━━━ Supplied information

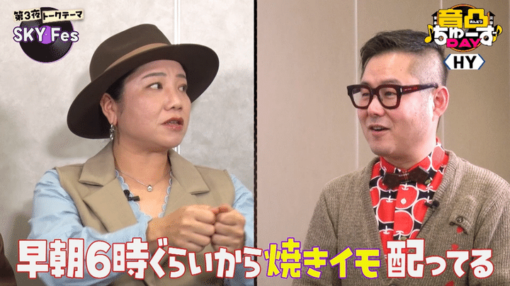 仲宗根さんはその理由を、「(フェスの会場は)普段は誰でも入れる場所なんですよ。いつも使ってる方からすると『なんで今日入れないの?』みたいな感じになるので、『申し訳ないです、また来年もよろしくお願いします』って早朝6時から焼きイモ配ってるんです」と語ります。
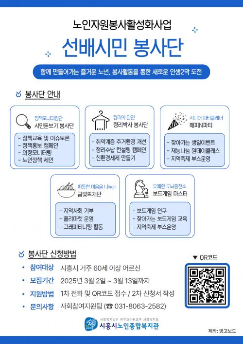[½Åµ¿¾Æ¹æ¼Û ½ÃÈï½Ã=À̽ŵ¿±âÀÚ] ½ÃÈï½Ã³ëÀÎÁ¾ÇÕº¹Áö°üÀº º¸°Çº¹ÁöºÎ¿Í Çѱ¹³ëÀÎÁ¾ÇÕº¹Áö°üÇùȸ°¡ ÁÖ°üÇÏ´Â ¡®2026³â ³ëÀÎÀÚ¿øºÀ»ç Ȱ¼ºÈ­ Áö¿ø»ç¾÷¡¯¿¡ ¼±Á¤µÅ, Áö¿ª»çȸ¿¡ À̹ÙÁöÇϰíÀÚ ÇÏ´Â 60¼¼ ÀÌ»ó ³ëÀÎÀ» ´ë»óÀ¸·Î ¼±¹è½Ã¹Î ºÀ»ç´ÜÀ» ¿î¿µÇÑ´Ù. ¡®¼±¹è½Ã¹Î ºÀ¡¦
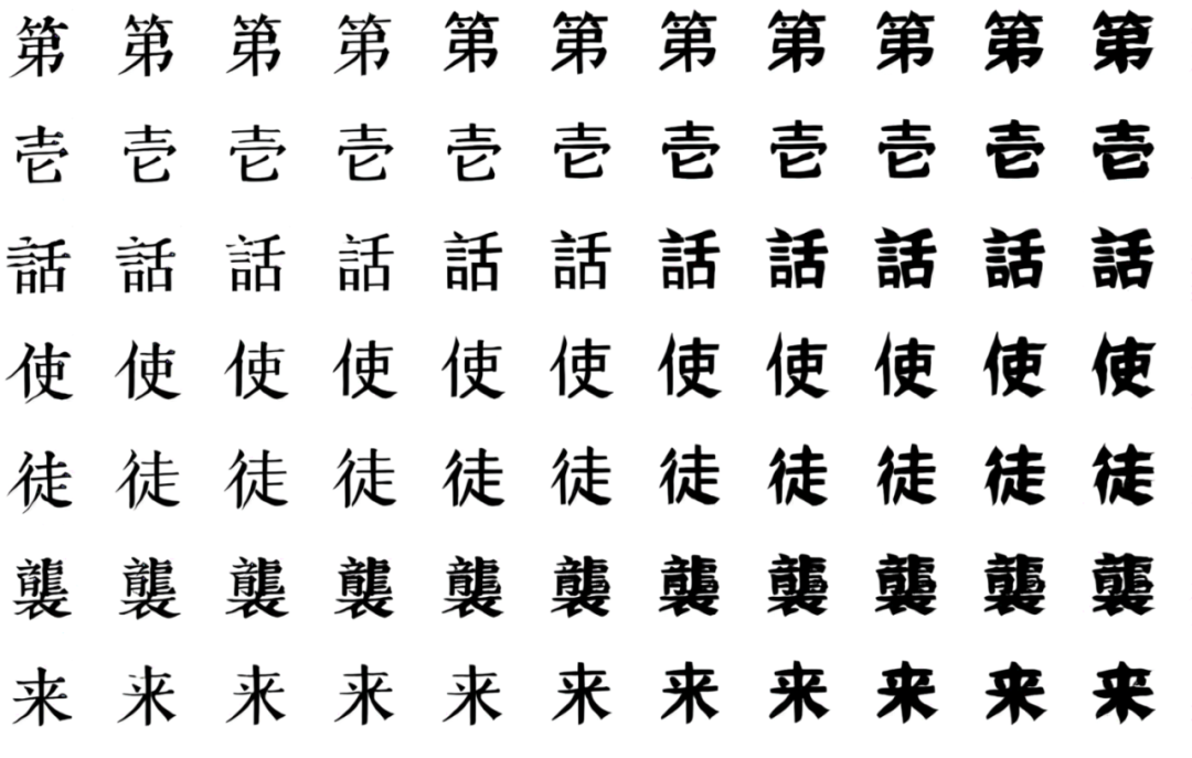 中文字符,不论简体还是繁体,或者日本文,都用相同的原理构建并有着一系列相同的根基,其中具体的实现结果如下图所示:

━━━━━━

_What is being asked_:
Would you give again exactly the lines from the line containing "[½Åµ¿¾Æ¹æ¼Û ½ÃÈï½Ã=À̽ŵ¿±âÀÚ] ½ÃÈï½Ã³ëÀÎÁ¾ÇÕº¹Áö°üÀº" through the end of the listing, both ends included, without any pictures?

_Your solution_:
[½Åµ¿¾Æ¹æ¼Û ½ÃÈï½Ã=À̽ŵ¿±âÀÚ] ½ÃÈï½Ã³ëÀÎÁ¾ÇÕº¹Áö°üÀº º¸°Çº¹ÁöºÎ¿Í Çѱ¹³ëÀÎÁ¾ÇÕº¹Áö°üÇùȸ°¡ ÁÖ°üÇÏ´Â ¡®2026³â ³ëÀÎÀÚ¿øºÀ»ç Ȱ¼ºÈ­ Áö¿ø»ç¾÷¡¯¿¡ ¼±Á¤µÅ, Áö¿ª»çȸ¿¡ À̹ÙÁöÇϰíÀÚ ÇÏ´Â 60¼¼ ÀÌ»ó ³ëÀÎÀ» ´ë»óÀ¸·Î ¼±¹è½Ã¹Î ºÀ»ç´ÜÀ» ¿î¿µÇÑ´Ù. ¡®¼±¹è½Ã¹Î ºÀ¡¦
 中文字符,不论简体还是繁体,或者日本文,都用相同的原理构建并有着一系列相同的根基,其中具体的实现结果如下图所示:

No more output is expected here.